For most of what I had in mind, I wanted to use my own music (kinda lame - don't ask), or just some free sound effects. But I also had interest in doing some music videos with amazingly awesome catchy tunes. And I would offer the latter for free - no monetization where I would make a bunch of kickback from YouTube's ad system.
I got a bunch of conflicting information that really didn't tell me too much, except for one universal theme: This is too hard. Don't do this.
Which confuses me. Because if I actually go to YouTube, I see a freaking ton of lyric videos of songs by major artists. There is like 10 lyric videos for 1 Kelly Clarkson song. It is absurd. None of those people get blasted with content ID matches and copyright claims and strikes. And I'm willing to bet that most of them did not get in contact with a record label (one source said that this was a convoluted procedure, and another said that different artists with different labels could collaborate on a song, making the whole thing an expensive legal mess) and possibly pay a bunch of money (estimates of how much ranged from dirt cheap to ridiculously expensive).

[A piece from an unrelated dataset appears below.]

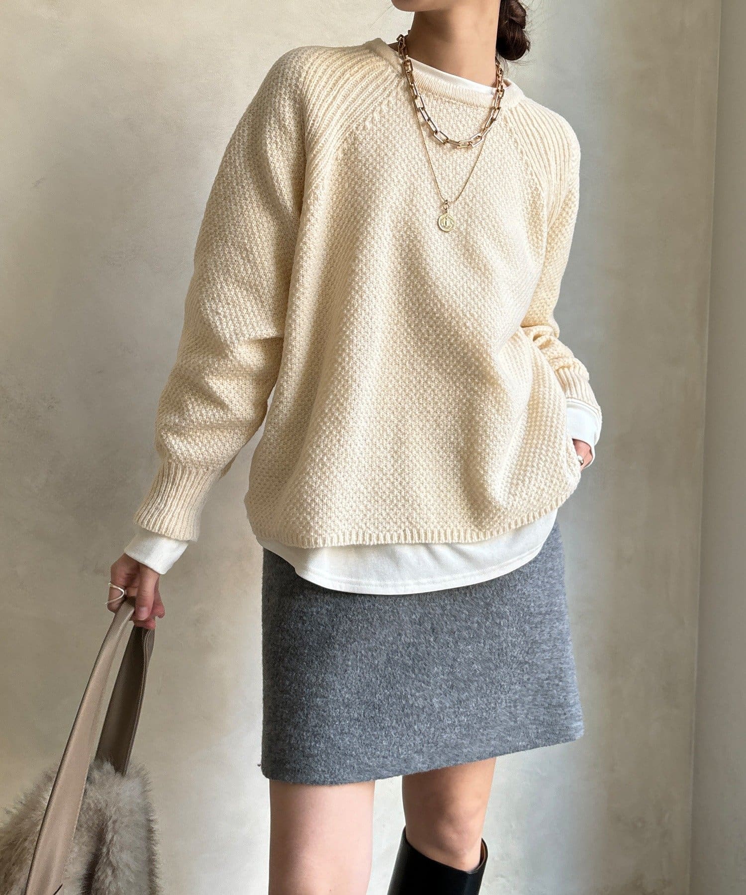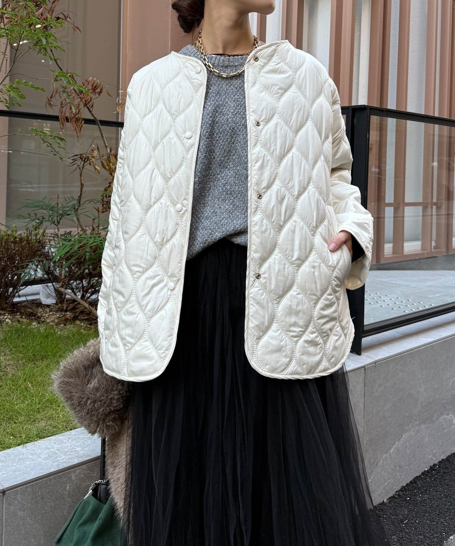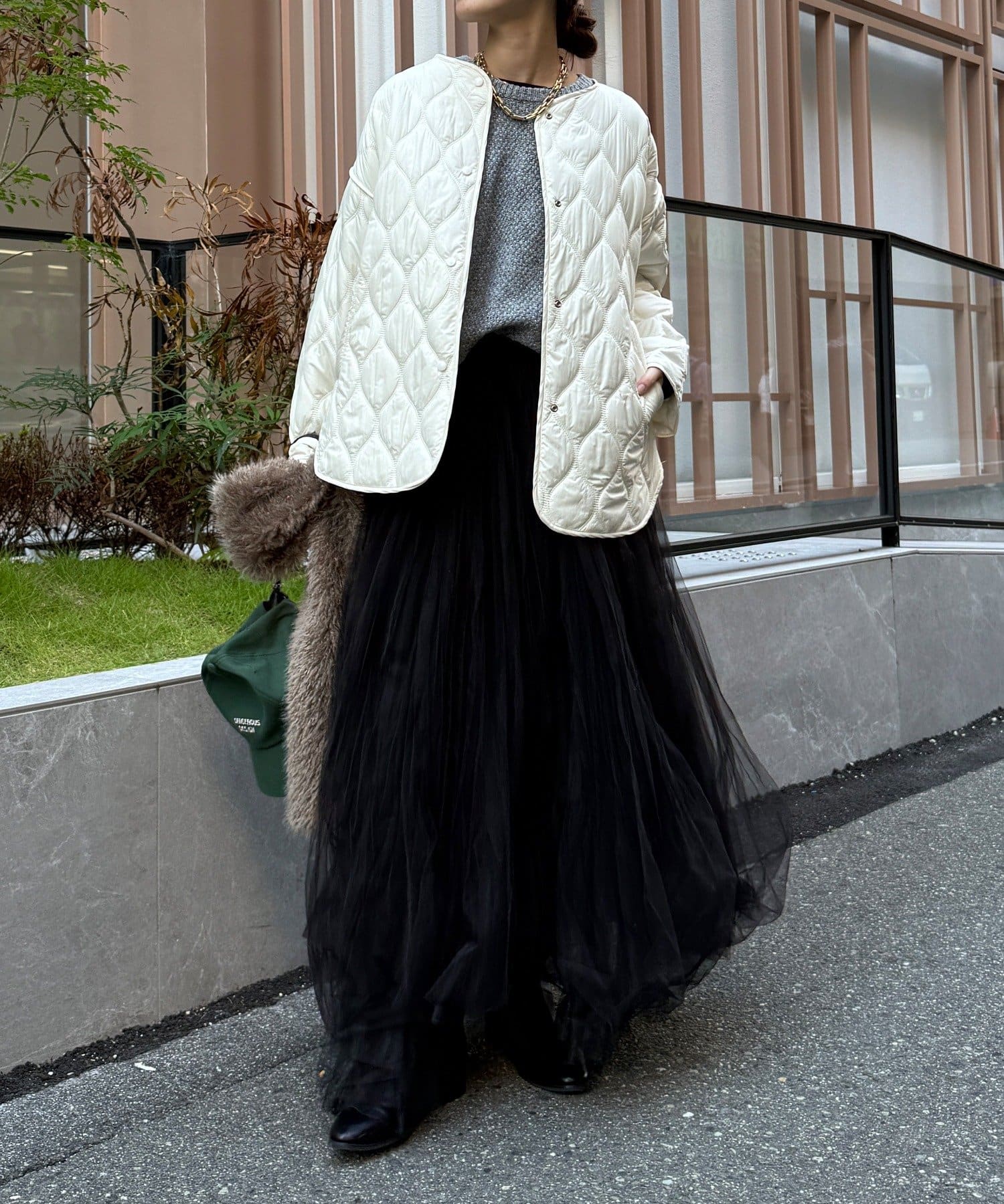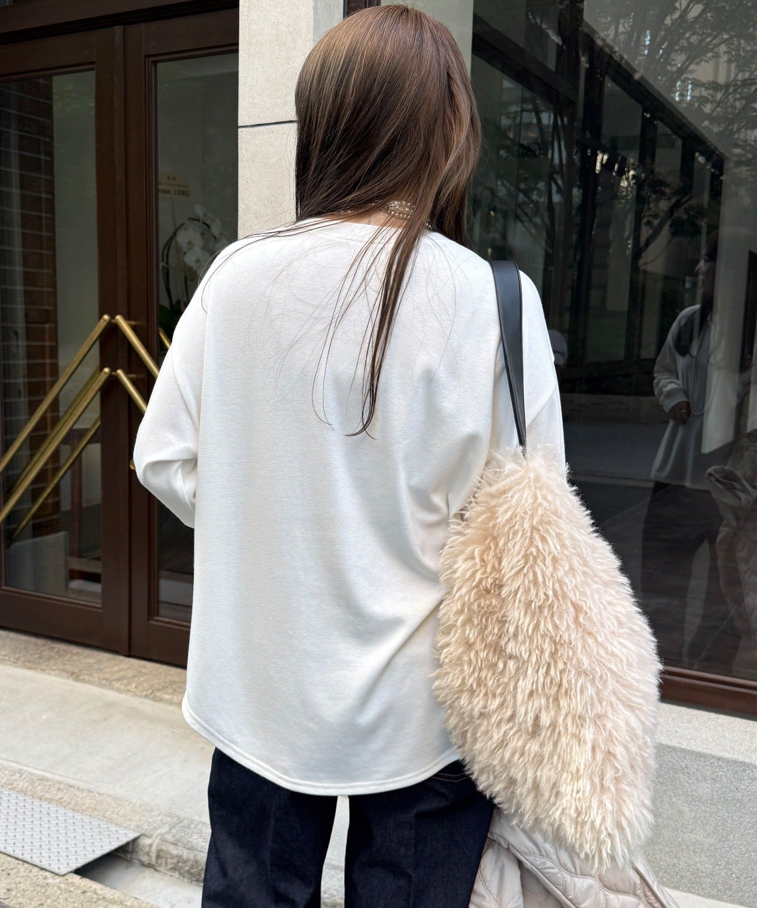ふわふわな手触りで愛らしい印象。ノーカラーのコートとの相性抜群!

I mean, come on, Glove and Boots must do it somehow. They freaking got PSY Gangnam style footage in their video and Pomplamoose and played "Beautiful". They didn't get hit with copyright infringement, and they're a pretty prominent channel. And it's strongly implied that the creators of said show aren't trust fund babies that can afford to shell out a pretty penny for a song.
Either labels are really lax about copyright infringement, or something is up here. And it's irritating to the few of us who would actually want to try to do the things by the book to avoid getting our videos taken down, our accounts struck and banned, and lawsuits.